§ **Your goal**
Restate the listing below word for word, omitting any images.

§ **Data below**
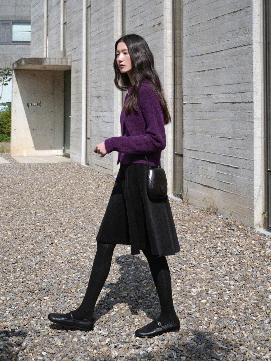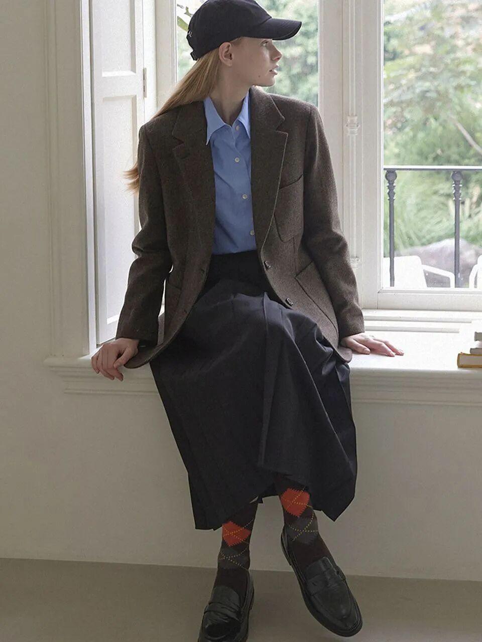 灰毛呢裙+酒紅褲襪+棕色樂福鞋,更復古。▼
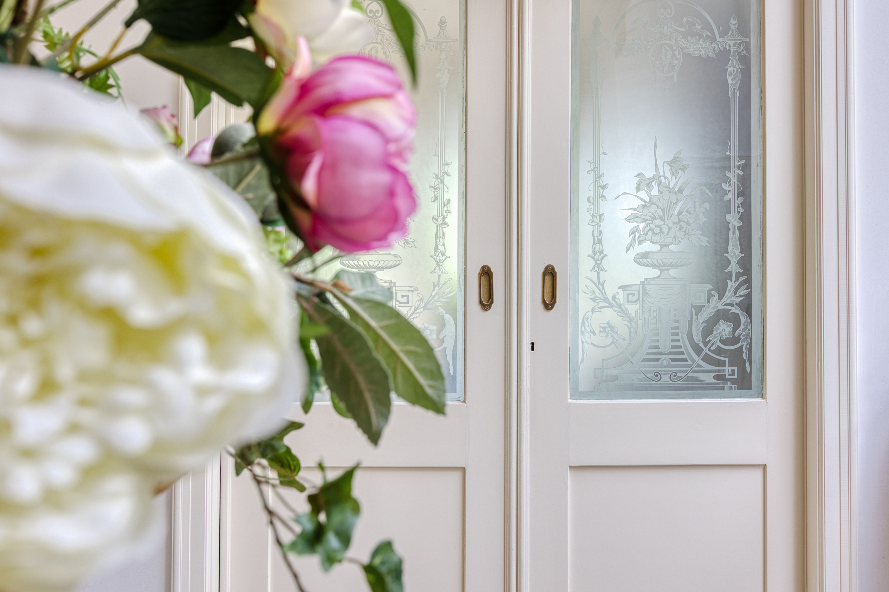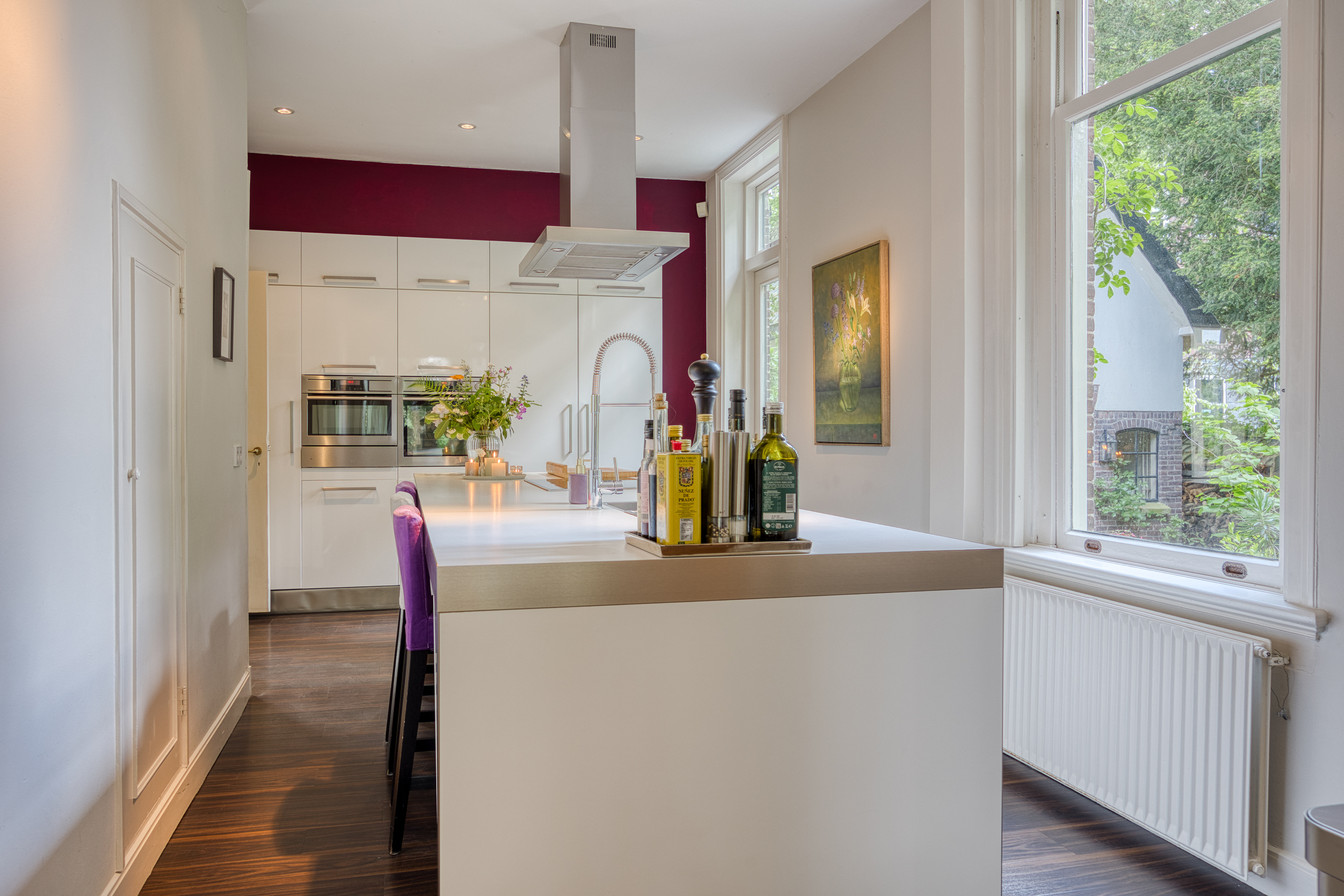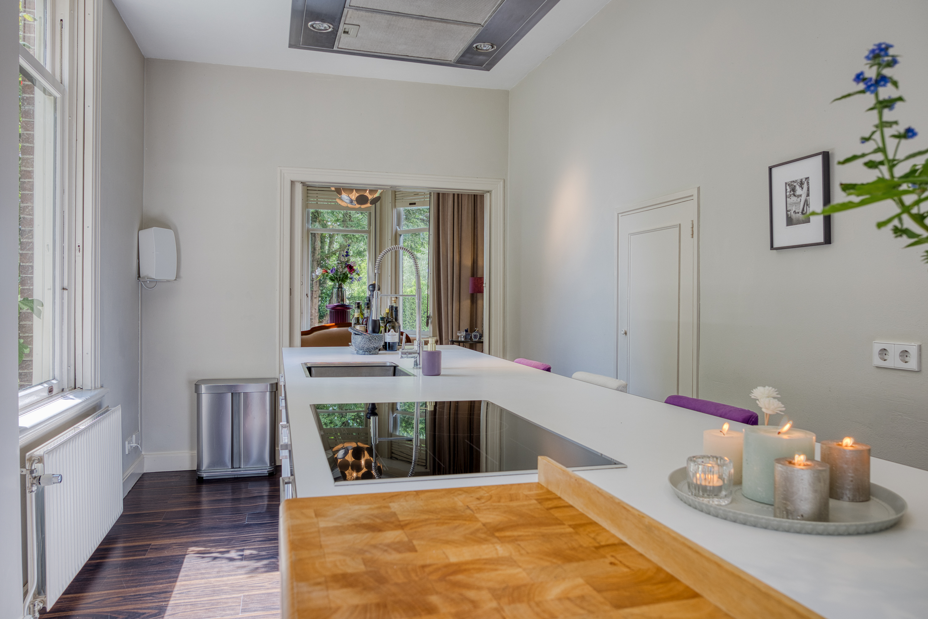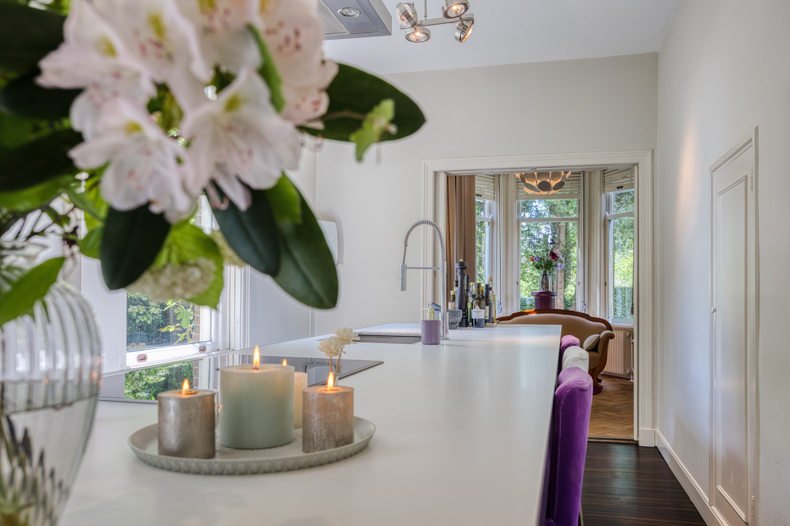 The main entrance of the house was moved to the left during the merger of the two houses. A stately and imposing entrance through two wide doors gives you a warm welcome in this villa. A monumental reception hall with loft immediately indicates the atmosphere of this lovely family home. Lots of light, beautiful materials and beautiful views predominate here. The spacious reception hall gives access to the office at the front.
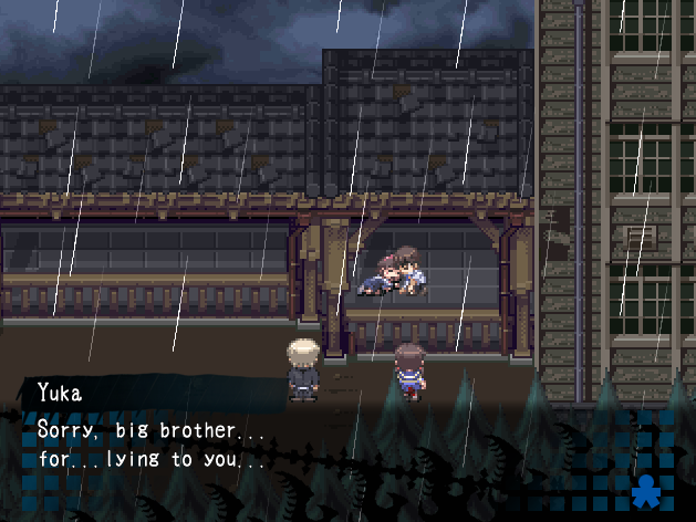 Familial bonds -lopun saavuttaminen oli hämmentävin pelikokemus, jonka olen kokenut videopelin parissa. Saavutin tämän lopun aiemmin mainitun wrong endin jälkeen ja olin todella hämmentynyt siitä, voiko tämä peli oikeasti päättyä näin – kunnes näin Steam-saavutuksen siitä, että kyseessä on vaihtoehtoinen loppu. Ero tämän ja true endingin välillä oli se, että Yuka pääsi viimein pissalle hylätyssä pommisuojassa. Kyllä, Yukan pissahätäsaagalla oli lopulta näin merkittävä vaikutus tässä pelissä – ja sillä oli myös oma body count.
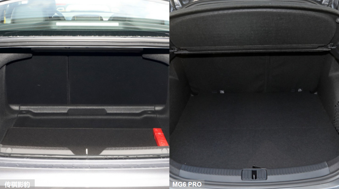 影豹的后备厢空间较为规整,同时后排座椅支持4/6比例放倒,增加了较多的储物能力,MG6 PRO则采用了掀背造型,后备厢开口大,再加上较大的容积,因此要比影豹更能装下大件物品。

§ **Result of this task**
 灰毛呢裙+酒紅褲襪+棕色樂福鞋,更復古。▼
 The main entrance of the house was moved to the left during the merger of the two houses. A stately and imposing entrance through two wide doors gives you a warm welcome in this villa. A monumental reception hall with loft immediately indicates the atmosphere of this lovely family home. Lots of light, beautiful materials and beautiful views predominate here. The spacious reception hall gives access to the office at the front.
 Familial bonds -lopun saavuttaminen oli hämmentävin pelikokemus, jonka olen kokenut videopelin parissa. Saavutin tämän lopun aiemmin mainitun wrong endin jälkeen ja olin todella hämmentynyt siitä, voiko tämä peli oikeasti päättyä näin – kunnes näin Steam-saavutuksen siitä, että kyseessä on vaihtoehtoinen loppu. Ero tämän ja true endingin välillä oli se, että Yuka pääsi viimein pissalle hylätyssä pommisuojassa. Kyllä, Yukan pissahätäsaagalla oli lopulta näin merkittävä vaikutus tässä pelissä – ja sillä oli myös oma body count.
 影豹的后备厢空间较为规整,同时后排座椅支持4/6比例放倒,增加了较多的储物能力,MG6 PRO则采用了掀背造型,后备厢开口大,再加上较大的容积,因此要比影豹更能装下大件物品。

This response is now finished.